#### [What to do]
Give again, exactly as written, each line of the material below starting at the line that contains "Диван имеет алюминиевый" and ending at the line that contains "Diese Erfahrung ist". Both ends count, and no other line does.

#### [Data section]

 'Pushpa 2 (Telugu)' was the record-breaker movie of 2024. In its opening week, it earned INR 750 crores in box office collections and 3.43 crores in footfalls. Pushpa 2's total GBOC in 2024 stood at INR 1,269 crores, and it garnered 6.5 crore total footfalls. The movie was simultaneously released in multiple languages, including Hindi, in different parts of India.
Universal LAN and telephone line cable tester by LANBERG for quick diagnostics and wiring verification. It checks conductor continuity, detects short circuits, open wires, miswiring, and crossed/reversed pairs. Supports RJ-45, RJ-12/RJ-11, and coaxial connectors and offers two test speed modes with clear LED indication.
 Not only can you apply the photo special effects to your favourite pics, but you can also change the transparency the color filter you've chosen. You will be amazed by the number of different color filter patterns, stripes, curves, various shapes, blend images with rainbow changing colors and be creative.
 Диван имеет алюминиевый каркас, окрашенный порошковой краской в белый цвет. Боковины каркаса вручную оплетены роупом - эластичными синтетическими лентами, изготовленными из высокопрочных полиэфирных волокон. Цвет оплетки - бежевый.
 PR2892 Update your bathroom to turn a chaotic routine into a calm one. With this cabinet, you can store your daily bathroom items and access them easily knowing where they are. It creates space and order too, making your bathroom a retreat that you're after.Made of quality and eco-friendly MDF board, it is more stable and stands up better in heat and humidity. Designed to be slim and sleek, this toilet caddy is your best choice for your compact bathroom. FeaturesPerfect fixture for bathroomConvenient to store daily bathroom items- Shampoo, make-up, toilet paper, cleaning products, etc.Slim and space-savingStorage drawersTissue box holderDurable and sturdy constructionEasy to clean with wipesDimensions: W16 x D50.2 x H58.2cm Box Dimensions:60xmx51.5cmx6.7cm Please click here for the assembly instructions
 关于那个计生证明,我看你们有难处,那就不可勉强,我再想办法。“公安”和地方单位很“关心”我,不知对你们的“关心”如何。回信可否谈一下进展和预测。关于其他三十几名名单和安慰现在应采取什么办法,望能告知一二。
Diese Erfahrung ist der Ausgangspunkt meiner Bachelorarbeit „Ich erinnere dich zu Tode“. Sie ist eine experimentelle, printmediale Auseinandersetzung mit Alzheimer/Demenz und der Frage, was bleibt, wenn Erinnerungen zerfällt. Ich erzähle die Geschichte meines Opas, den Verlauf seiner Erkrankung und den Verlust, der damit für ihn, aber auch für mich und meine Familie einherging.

...

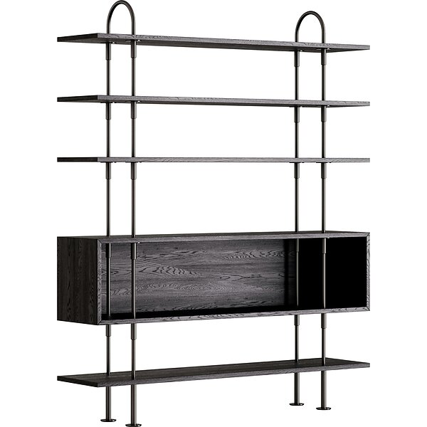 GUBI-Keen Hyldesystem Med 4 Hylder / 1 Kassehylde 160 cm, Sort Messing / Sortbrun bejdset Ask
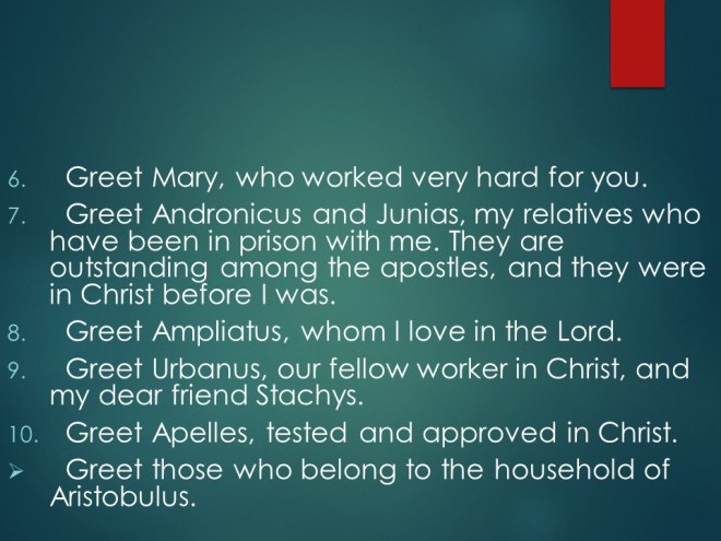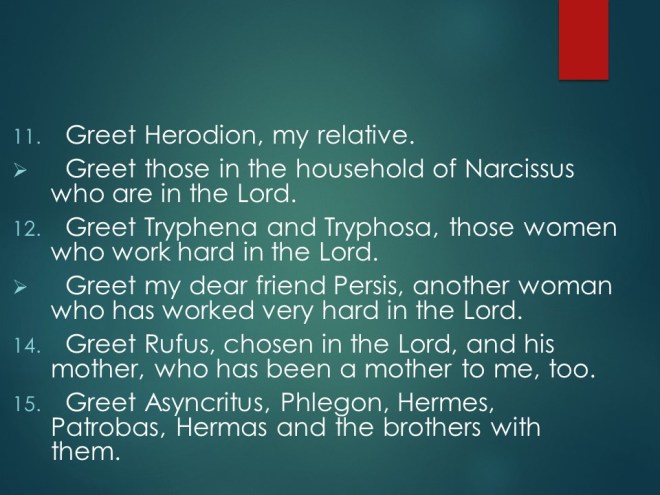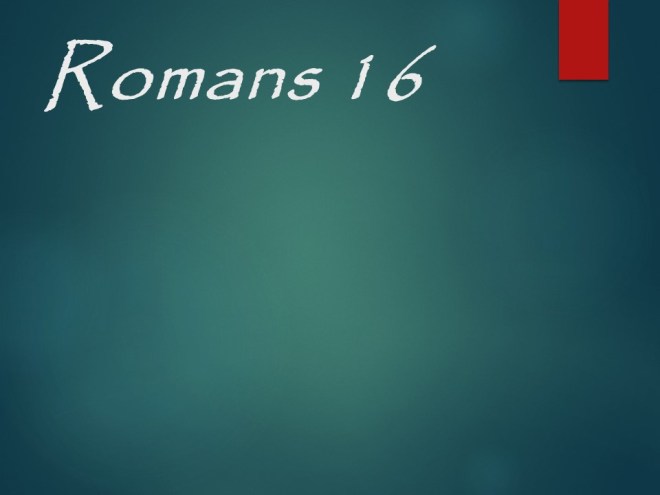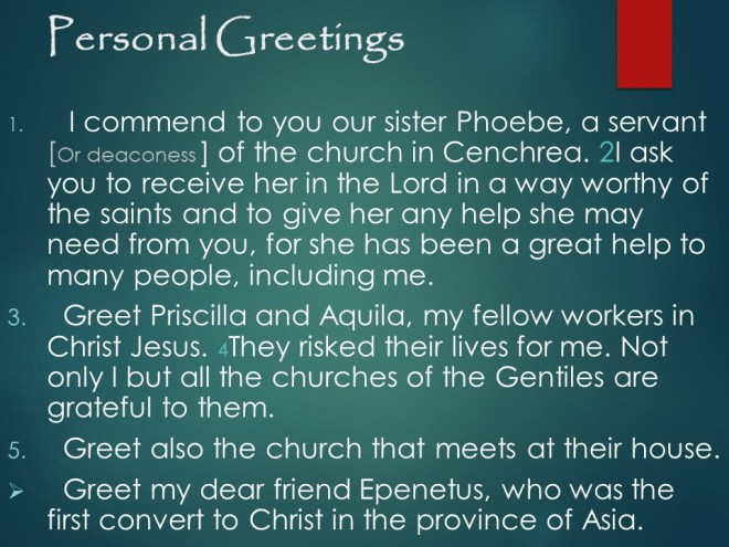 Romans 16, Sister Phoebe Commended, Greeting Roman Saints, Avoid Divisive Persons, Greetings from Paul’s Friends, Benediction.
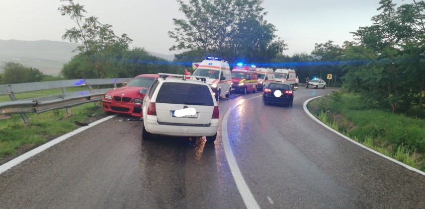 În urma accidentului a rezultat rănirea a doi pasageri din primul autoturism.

#### [Output for this task]
 Диван имеет алюминиевый каркас, окрашенный порошковой краской в белый цвет. Боковины каркаса вручную оплетены роупом - эластичными синтетическими лентами, изготовленными из высокопрочных полиэфирных волокон. Цвет оплетки - бежевый.
 PR2892 Update your bathroom to turn a chaotic routine into a calm one. With this cabinet, you can store your daily bathroom items and access them easily knowing where they are. It creates space and order too, making your bathroom a retreat that you're after.Made of quality and eco-friendly MDF board, it is more stable and stands up better in heat and humidity. Designed to be slim and sleek, this toilet caddy is your best choice for your compact bathroom. FeaturesPerfect fixture for bathroomConvenient to store daily bathroom items- Shampoo, make-up, toilet paper, cleaning products, etc.Slim and space-savingStorage drawersTissue box holderDurable and sturdy constructionEasy to clean with wipesDimensions: W16 x D50.2 x H58.2cm Box Dimensions:60xmx51.5cmx6.7cm Please click here for the assembly instructions
 关于那个计生证明,我看你们有难处,那就不可勉强,我再想办法。“公安”和地方单位很“关心”我,不知对你们的“关心”如何。回信可否谈一下进展和预测。关于其他三十几名名单和安慰现在应采取什么办法,望能告知一二。
Diese Erfahrung ist der Ausgangspunkt meiner Bachelorarbeit „Ich erinnere dich zu Tode“. Sie ist eine experimentelle, printmediale Auseinandersetzung mit Alzheimer/Demenz und der Frage, was bleibt, wenn Erinnerungen zerfällt. Ich erzähle die Geschichte meines Opas, den Verlauf seiner Erkrankung und den Verlust, der damit für ihn, aber auch für mich und meine Familie einherging.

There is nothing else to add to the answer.